__Your assignment__: Below are records that contain pictures; transcribe the text exactly and omit the pictures.
+++
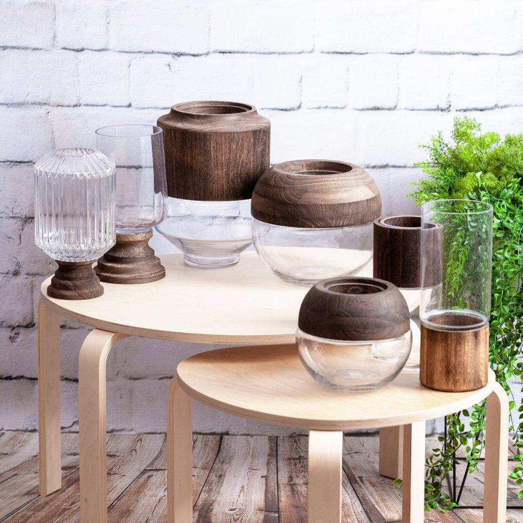 Dekorativní svícen šířka: (fi) 17 cm, délka: 34 cm, barva: bílá / hnědá, složení: 70 % sklo; 30 % dřevoDoplňkové parametry
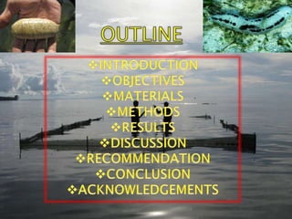 This study focused on observing the spawning behaviors and months of spawning of sea cucumbers in Kavieng, New Ireland Province. A pen was constructed to house and observe 7 species of sea cucumbers. Data on circumference, length, and percentage of each species was collected over two months. Spawning was observed in June when water temperature was 30.9°C. The objectives of measuring growth rates and larvae specimens were not fully achieved due to limitations of resources and time. More research is needed to improve scientific understanding of sea cucumbers and marine ecosystems in PNG.
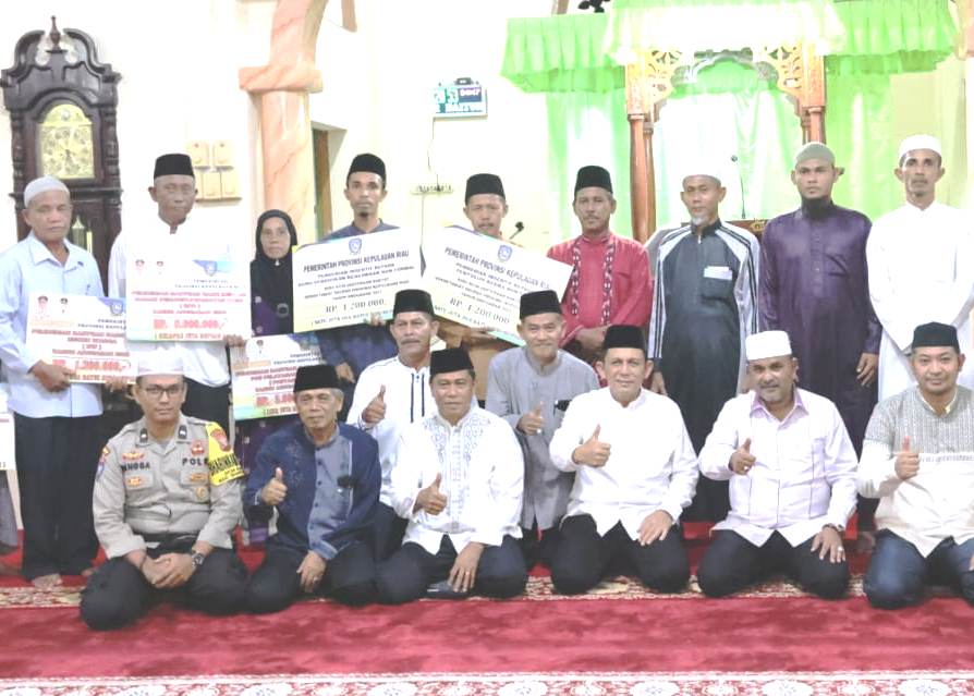 Gubenur Ansar sekaligus menyerahkan bantuan dari Bank Riau Kepri Syariah sebesar Rp5 juta, serta Bupati Aunur Rafiq menyampaikan bantuan dari Pemkab Karimun untuk dua orang imam, dua orang bilal, dan dua orang khatib.
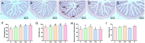 Intestinal tissue morphology of largemouth bass fed the five experimental diets. (A–E) C, TP2, TP4, TP8, and IF (100X), respectively. VH (villi height); VW (villi width); MT (muscular layer thickness); GC (goblet cell). (F–I) Villus height, villus width, muscular layer thickness and goblet cell number, respectively. Different letters indicate significant differences (p < 0.05), and the same letter or no letter indicates no significant differences (p > 0.05).
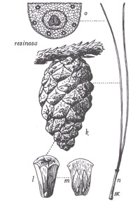 Pinus resinosa, (k) cône, (1) face dorsale d'une écaille, (m) graines sur face ventrale d'une
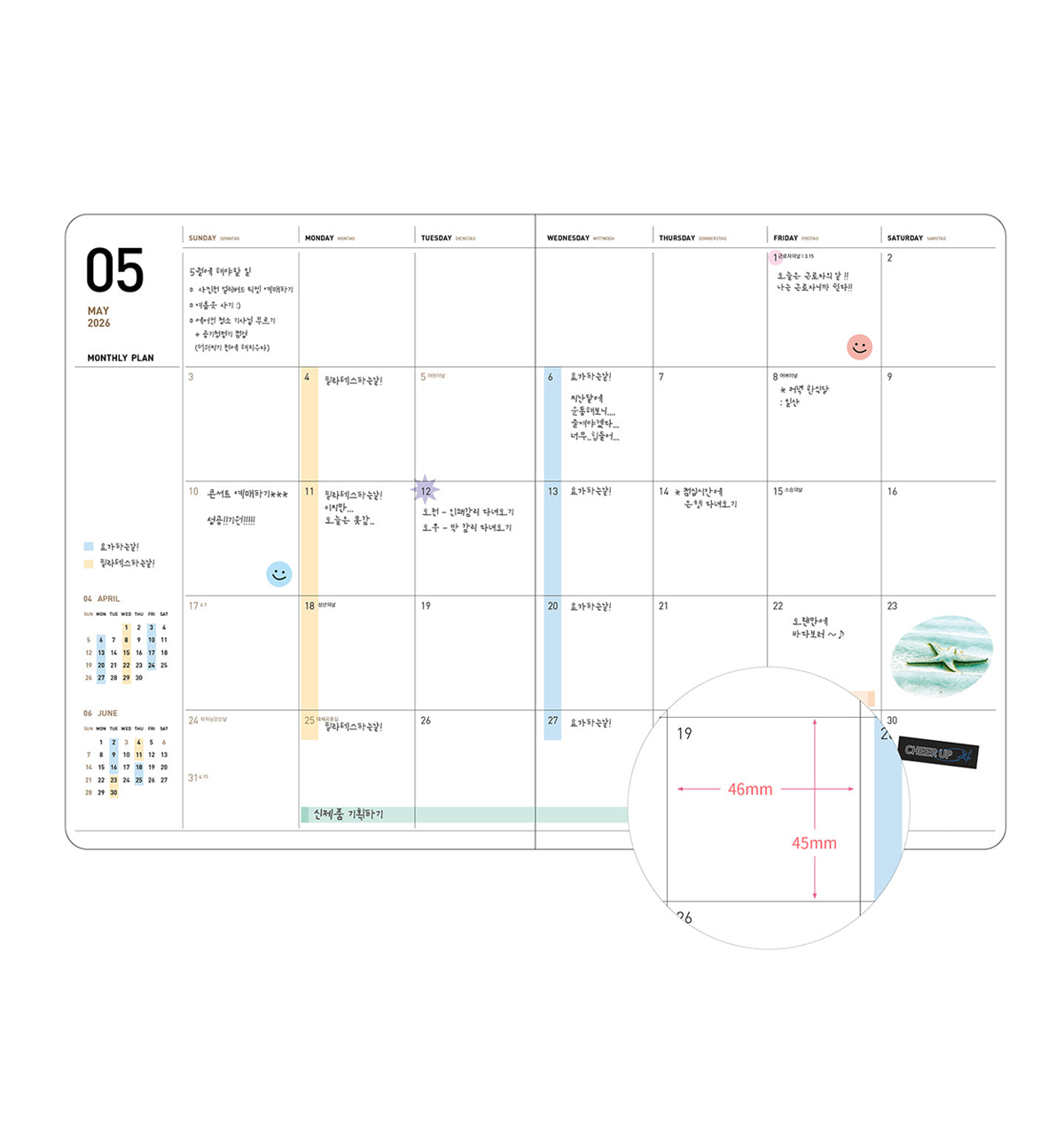 *Korean holidays are pre-marked throughout the calendar’s dated pages. But you can always add your personal holidays.
+++
__Expected output__:
 Dekorativní svícen šířka: (fi) 17 cm, délka: 34 cm, barva: bílá / hnědá, složení: 70 % sklo; 30 % dřevoDoplňkové parametry
 This study focused on observing the spawning behaviors and months of spawning of sea cucumbers in Kavieng, New Ireland Province. A pen was constructed to house and observe 7 species of sea cucumbers. Data on circumference, length, and percentage of each species was collected over two months. Spawning was observed in June when water temperature was 30.9°C. The objectives of measuring growth rates and larvae specimens were not fully achieved due to limitations of resources and time. More research is needed to improve scientific understanding of sea cucumbers and marine ecosystems in PNG.
 Gubenur Ansar sekaligus menyerahkan bantuan dari Bank Riau Kepri Syariah sebesar Rp5 juta, serta Bupati Aunur Rafiq menyampaikan bantuan dari Pemkab Karimun untuk dua orang imam, dua orang bilal, dan dua orang khatib.
 Intestinal tissue morphology of largemouth bass fed the five experimental diets. (A–E) C, TP2, TP4, TP8, and IF (100X), respectively. VH (villi height); VW (villi width); MT (muscular layer thickness); GC (goblet cell). (F–I) Villus height, villus width, muscular layer thickness and goblet cell number, respectively. Different letters indicate significant differences (p < 0.05), and the same letter or no letter indicates no significant differences (p > 0.05).
 Pinus resinosa, (k) cône, (1) face dorsale d'une écaille, (m) graines sur face ventrale d'une
 *Korean holidays are pre-marked throughout the calendar’s dated pages. But you can always add your personal holidays.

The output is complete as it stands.